1995 single by Junior M.A.F.I.A. featuring The Notorious B.I.G.

"Player's Anthem" is the first single released from the Junior M.A.F.I.A.'s debut album Conspiracy. Produced and mixed by DJ Clark Kent, the song contains a sample of The New Birth's song "You Are What I'm All About". Featuring a chorus by the Notorious B.I.G., "Player's Anthem" became a big hit for the group, peaking at 13 on the Billboard Hot 100 and was certified gold by the RIAA on September 7, 1995 for sales of over 500,000 copies.
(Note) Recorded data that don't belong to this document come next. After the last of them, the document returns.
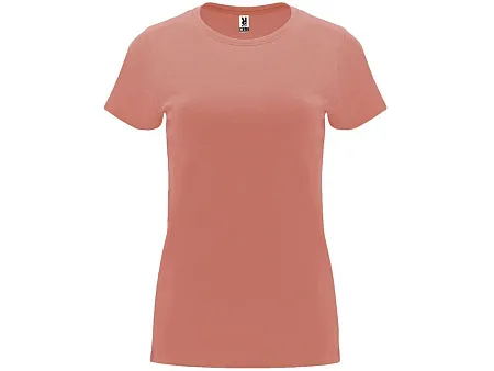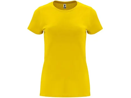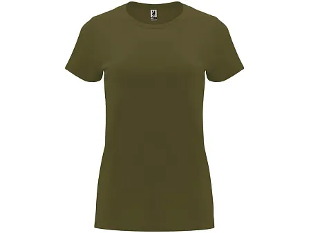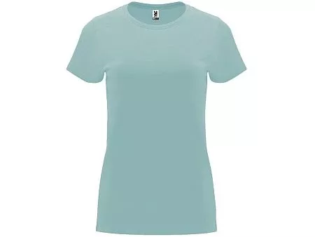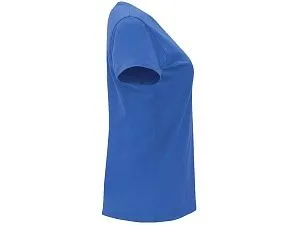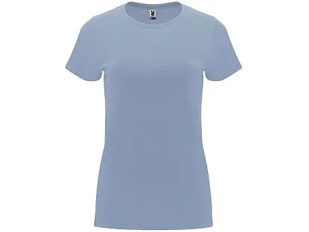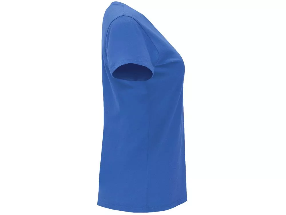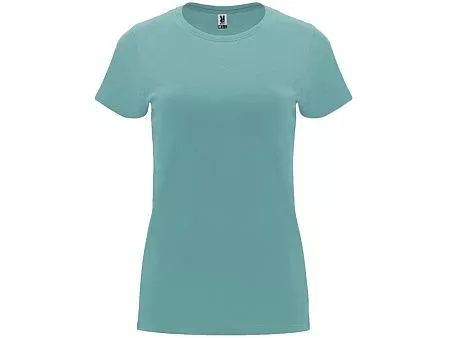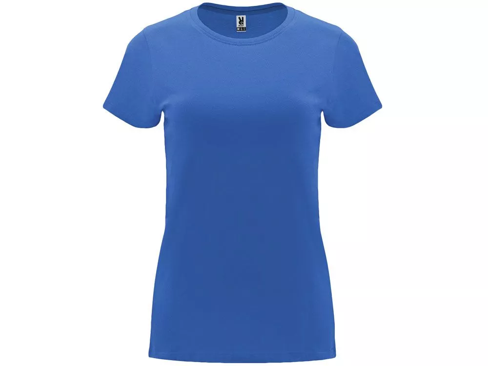 Женская приталенная футболка. Круглый вырез горловины обработан рибом 1х1. Шов горловины укреплен тесьмой.
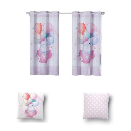 Kit De Cortina De 2 Metros + 2 Almofadas Infantis Kids
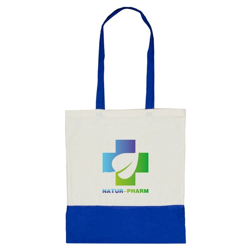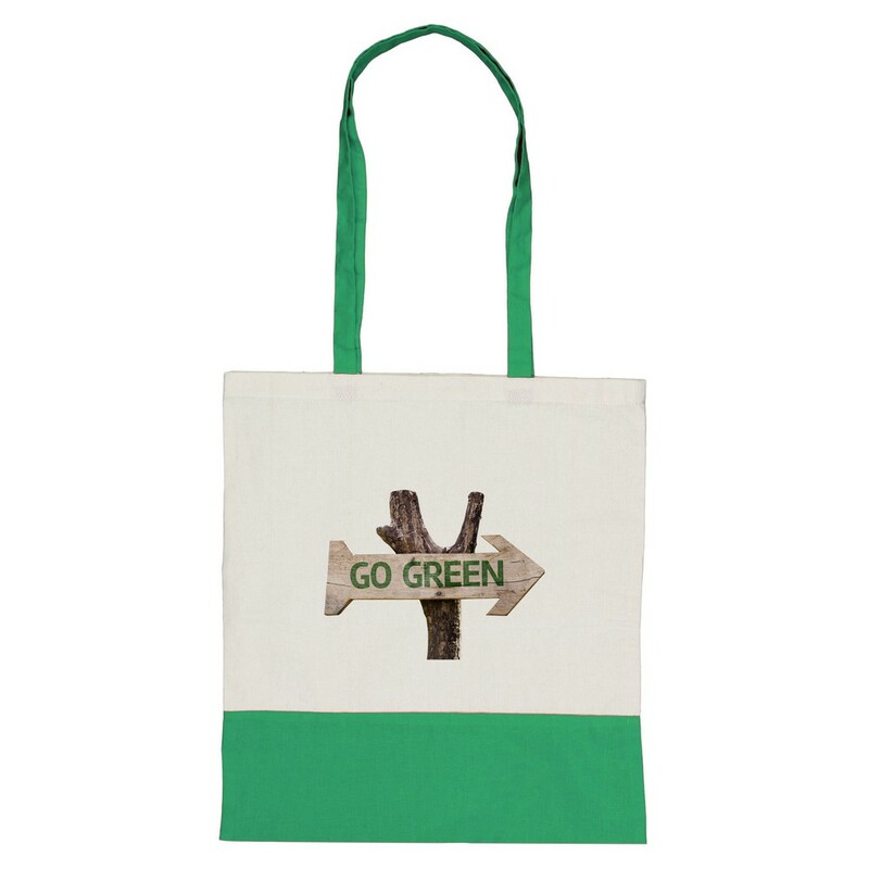 Torba na zakupy, posiada długie uchwyty umożliwiające noszenie na ramieniu, produkt wykonany z bawełny o gramaturze 140 g/m2
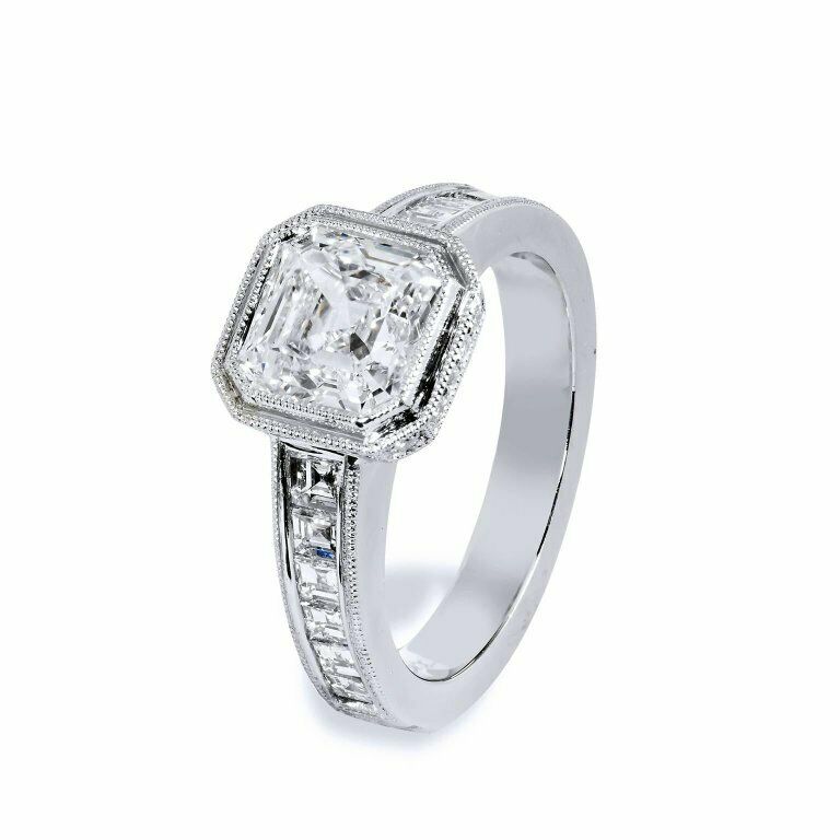 2ct Asscher Cut Diamond Hidden Halo Milgrain Engagement Ring 14k White Gold Over

The remix sounds similar to the original, but samples "Memory Lane" by Minnie Riperton.

The song also contains a sample of Doug E. Fresh's "La Di Da Di" featuring Slick Rick. A French musician, Jérémie Mondon (a.k.a. Demon) contains a sample from this song for the track called, "Streets" for his album, "Midnight Funk".

==Live performances==
Junior M.A.F.I.A. and The Notorious B.I.G. first performed the song live at the 1995 Source Awards on August 3. They also performed the song live in an episode of The Grind on MTV in 1995, in an episode of Showtime at the Apollo which aired on November 18, 1995, and at Stadion Feijenoord in Rotterdam, Netherlands on July 6, 1996.

==Single track listing==

===A-Side===
1. "Player's Anthem" (Dirty Version)- 5:24
2. "Player's Anthem" (Radio Version)- 4:10
3. "Player's Anthem" (Instrumental)- 4:10

===B-Side===
1. "Player's Anthem" (Dirty Remix)- 4:10
2. "Player's Anthem" (Radio Remix)- 4:17
3. "Player's Anthem" (Remix Instrumental)- 4:10

==Charts==

===Weekly charts===

| Chart (1995) | Peak position |
|---|---|
| US Billboard Hot 100 | 13 |
| US Hot R&B/Hip-Hop Songs (Billboard) | 7 |
| US Hot Rap Songs (Billboard) | 2 |
| US Rhythmic Airplay (Billboard) | 28 |

===Year-end chart===

| Chart (1995) | Peak position |
|---|---|
| US Billboard Hot 100 | 72 |

==Certifications==

| Region | Certification | Certified units/sales |
| United States (RIAA) | Gold | 500,000^{^} |
^{^} Shipments figures based on certification alone.